[Saved entries]
****************
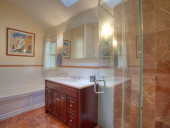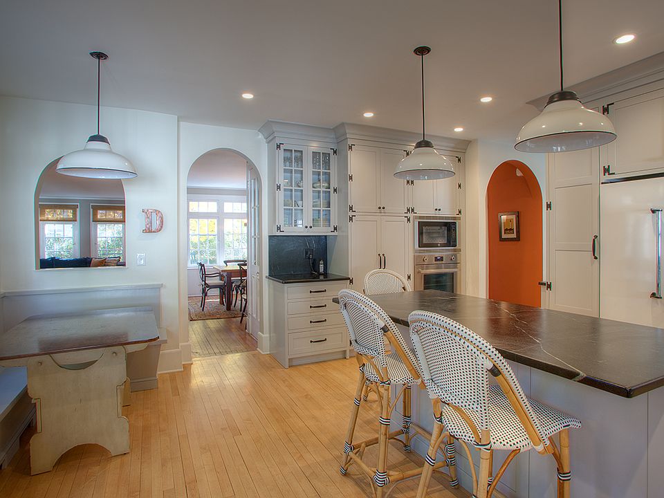 Enhanced with an extensive 2014 renovation and expansion project in all the right places, this stucco-clad Northside Colonial has what today's homebuyers are looking for. Curb appeal and walk-to-everything location are hallmarks of this charming home, tucked behind a front bluestone patio with pretty neighborhood views. There's so much more than meets the eye as well-appointed rooms unfold one after the other. The inviting fireside parlor greets the visitor, featuring a focal gas-log fireplace, hardwood floors and original leaded glass ornamental window. A wide entry into the formal dining room with three sets of French windows creates an easy flow for great entertaining. The large renovated family room offers front and rear property views with access to the new rear deck (2014) and private bluestone patio with gas grill, level lawn and separate play area beyond. Hardwood floors with diamond stained ribbon banding add cachet to this comfortable room. A first-floor home office with oversized windows on three sides offers a quiet respite. The chef's kitchen was totally renovated with a tasteful blend of white and soft gray cabinetry topped with black soapstone and set against high-end Aga and Bertazzoni appliances. A center island and breakfast area with built-in banquette seating are ideal for casual gatherings, with deck access for extended outdoor dining, while a wet bar with custom cabinetry connects the kitchen to a cozy den for added leisure activities. The second-floor master bedroom is poised beneath high ceilings, with windows on three sides and a dressing area that has double and single closet, plus two extra reach-in custom fitted closets. The lovely skylit master bath with vaulted ceiling is anchored on distinctive marble tile floors,and features an oversized corner shower and separate tub. Three additional bedrooms reside on this floor, each with deep or walk-in closets and two sets of French windows. One of the bedrooms has an ensuite bath with tub shower, while a hall bath with frameless shower serves the other two bedrooms. A privately set fifth bedroom with office/play area and hall bath with tub shower on the third floor offer added space and versatility as a possible guest quarters or in-law suite, if desired, along with plenty of walk-in attic storage. A total lower level renovation (2014) includes a recreation room with wall-to-wall carpeting, play area, laundry room and half bath, along with French drains and sump pump. Attractive extras include two-zone HVAC (2014) with added lower level zone, mud room addition (2014), updated electrical panel with added generator panel and outlet, a two-car detached garage, and more. Step into this Colonial delight and be prepared to fall in love!
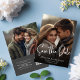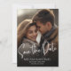 Den här designen har ett datafältkort, perfekt för valfri stil-bröllop, med elegant, klassi, modern minimalistisk, svart och vit stil, med en enkel, 2-fotomall med elegant-, calligraphy-skriptdesign.
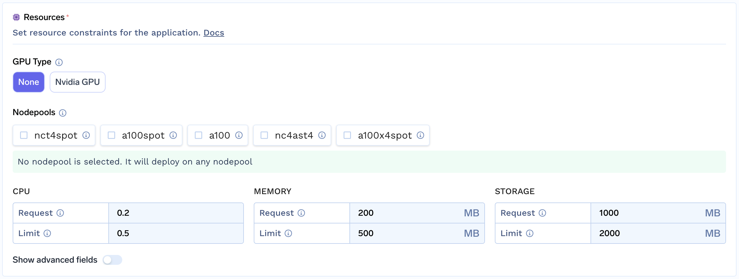 TrueFoundry offers advanced filtering capabilities for node pools, simulating the node auto-provisioning experience.
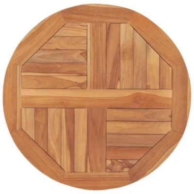 General description Give your table a new life with our solid wooden teak wood tabletop. This piece is an excellent solution for refreshing your table at home or in commercial settings such as restaurants, cafes, and hotels. Constructed from extremely durable teak hardwood, this tabletop has been seasoned, kiln-dried, and fine sanded to achieve a smooth appearance. Teak wood is renowned for its exceptional strength and weather resistance, making it an ideal choice for garden furniture. With a simple and clean look, this wooden tabletop adds rustic charm to your dining areas and is easy to clean with a damp cloth. You can combine this top with any styled table legs according to your specific needs. Technical specifications Material: Fine sanded teak hardwood with water-based finish Diameter: 60 cm Thickness: 2.5 cm Slats with 4 direction style SKU: 48984 Other information
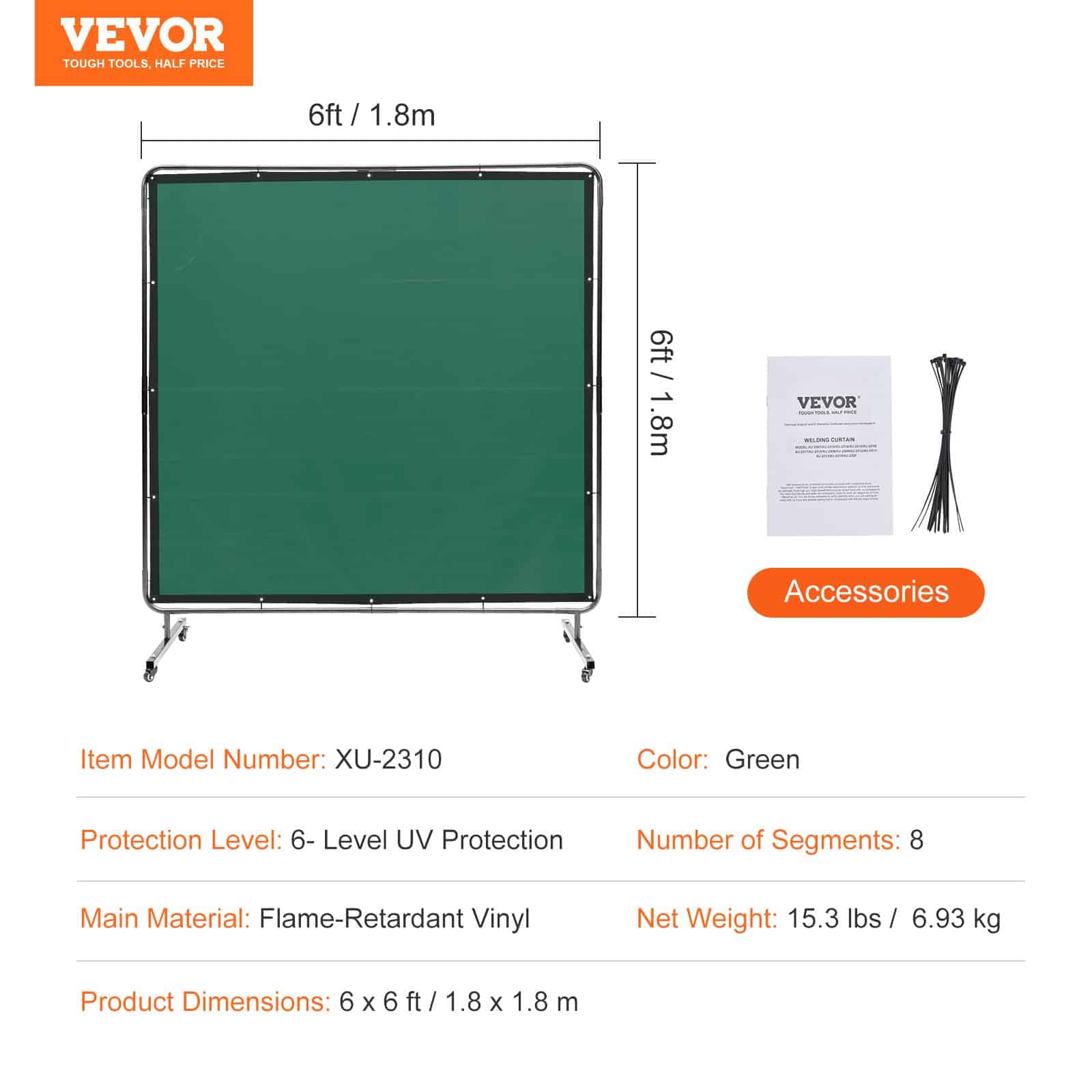 Are you ready to take your welding safety to the next level? Look no further! VEVOR 6x6 FT welding screen with frame is here to offer outstanding flame resistance, 6-level UV protection, stable frame and 360° rotational wheels, making it the ultimate companion for secure and efficient workspace.
****************
Repeat the records above verbatim, with no pictures in the result.

 Enhanced with an extensive 2014 renovation and expansion project in all the right places, this stucco-clad Northside Colonial has what today's homebuyers are looking for. Curb appeal and walk-to-everything location are hallmarks of this charming home, tucked behind a front bluestone patio with pretty neighborhood views. There's so much more than meets the eye as well-appointed rooms unfold one after the other. The inviting fireside parlor greets the visitor, featuring a focal gas-log fireplace, hardwood floors and original leaded glass ornamental window. A wide entry into the formal dining room with three sets of French windows creates an easy flow for great entertaining. The large renovated family room offers front and rear property views with access to the new rear deck (2014) and private bluestone patio with gas grill, level lawn and separate play area beyond. Hardwood floors with diamond stained ribbon banding add cachet to this comfortable room. A first-floor home office with oversized windows on three sides offers a quiet respite. The chef's kitchen was totally renovated with a tasteful blend of white and soft gray cabinetry topped with black soapstone and set against high-end Aga and Bertazzoni appliances. A center island and breakfast area with built-in banquette seating are ideal for casual gatherings, with deck access for extended outdoor dining, while a wet bar with custom cabinetry connects the kitchen to a cozy den for added leisure activities. The second-floor master bedroom is poised beneath high ceilings, with windows on three sides and a dressing area that has double and single closet, plus two extra reach-in custom fitted closets. The lovely skylit master bath with vaulted ceiling is anchored on distinctive marble tile floors,and features an oversized corner shower and separate tub. Three additional bedrooms reside on this floor, each with deep or walk-in closets and two sets of French windows. One of the bedrooms has an ensuite bath with tub shower, while a hall bath with frameless shower serves the other two bedrooms. A privately set fifth bedroom with office/play area and hall bath with tub shower on the third floor offer added space and versatility as a possible guest quarters or in-law suite, if desired, along with plenty of walk-in attic storage. A total lower level renovation (2014) includes a recreation room with wall-to-wall carpeting, play area, laundry room and half bath, along with French drains and sump pump. Attractive extras include two-zone HVAC (2014) with added lower level zone, mud room addition (2014), updated electrical panel with added generator panel and outlet, a two-car detached garage, and more. Step into this Colonial delight and be prepared to fall in love!
 Den här designen har ett datafältkort, perfekt för valfri stil-bröllop, med elegant, klassi, modern minimalistisk, svart och vit stil, med en enkel, 2-fotomall med elegant-, calligraphy-skriptdesign.
 TrueFoundry offers advanced filtering capabilities for node pools, simulating the node auto-provisioning experience.
 General description Give your table a new life with our solid wooden teak wood tabletop. This piece is an excellent solution for refreshing your table at home or in commercial settings such as restaurants, cafes, and hotels. Constructed from extremely durable teak hardwood, this tabletop has been seasoned, kiln-dried, and fine sanded to achieve a smooth appearance. Teak wood is renowned for its exceptional strength and weather resistance, making it an ideal choice for garden furniture. With a simple and clean look, this wooden tabletop adds rustic charm to your dining areas and is easy to clean with a damp cloth. You can combine this top with any styled table legs according to your specific needs. Technical specifications Material: Fine sanded teak hardwood with water-based finish Diameter: 60 cm Thickness: 2.5 cm Slats with 4 direction style SKU: 48984 Other information
 Are you ready to take your welding safety to the next level? Look no further! VEVOR 6x6 FT welding screen with frame is here to offer outstanding flame resistance, 6-level UV protection, stable frame and 360° rotational wheels, making it the ultimate companion for secure and efficient workspace.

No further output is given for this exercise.